17:03 ok so weird not even adjustments to bias helped . Just double check , with the manual feedforward too,

			  
from pprint import pprint
import test_feed_forward
x = [-5, -5]
frozen = test_feed_forward.feed_forward_manually(model, x)
y_prob_mat_mul = n.feed_forward(x, model.layers)
pprint([
  ["--", "manually", "matmul"],
  ["h1", frozen["h1"], model.layers[0].nodes["h1"]],
  ["h2", frozen["h2"], model.layers[0].nodes["h2"]],
  ["h3", frozen["h3"], model.layers[0].nodes["h3"]],
  ["h4", frozen["h4"], model.layers[1].nodes["h4"]],
  ["h5", frozen["h5"], model.layers[1].nodes["h5"]],
  ["y_prob", frozen["y_prob"], y_prob_mat_mul],
])

			  [['--', 'manually', 'matmul'],
			   ['h1', 0.22688927424734276, 0.22688927424734276],
			   ['h2', 0.9722312068731663, 0.9722312068731663],
			   ['h3', 0.5938559073859204, 0.5938559073859204],
			   ['h4', 0.51632734891332, 0.51632734891332],
			   ['h5', 0.5124838141374718, 0.5124838141374718],
			   ['y_prob', 0.4831921147269756, 0.4831921147269756]]

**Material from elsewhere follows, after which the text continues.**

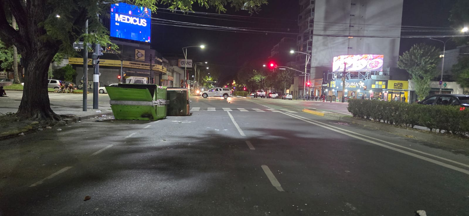 En la zona de Av. Pellegrini al 3100, varios contenedores ardieron y otros sufrieron daños, reflejando la tensión que se vivió en la jornada.

Ok yea, so looks like no bug and reducing the bias has not diminished how frozen the outputs seem to be.

17:11 so yea for now , feels like it is good I verified the feed forward func does what it is supposed to, but it is super weird that the network is really tightly configured. Super weird.
Maybe I should not have activation functions on the inner layers? Nah I don't think that's the problem.
Makes me wonder what about something about this particular multi-layer network architecture that is being weird? Maybe I should try different architectures? Do they have similar properties?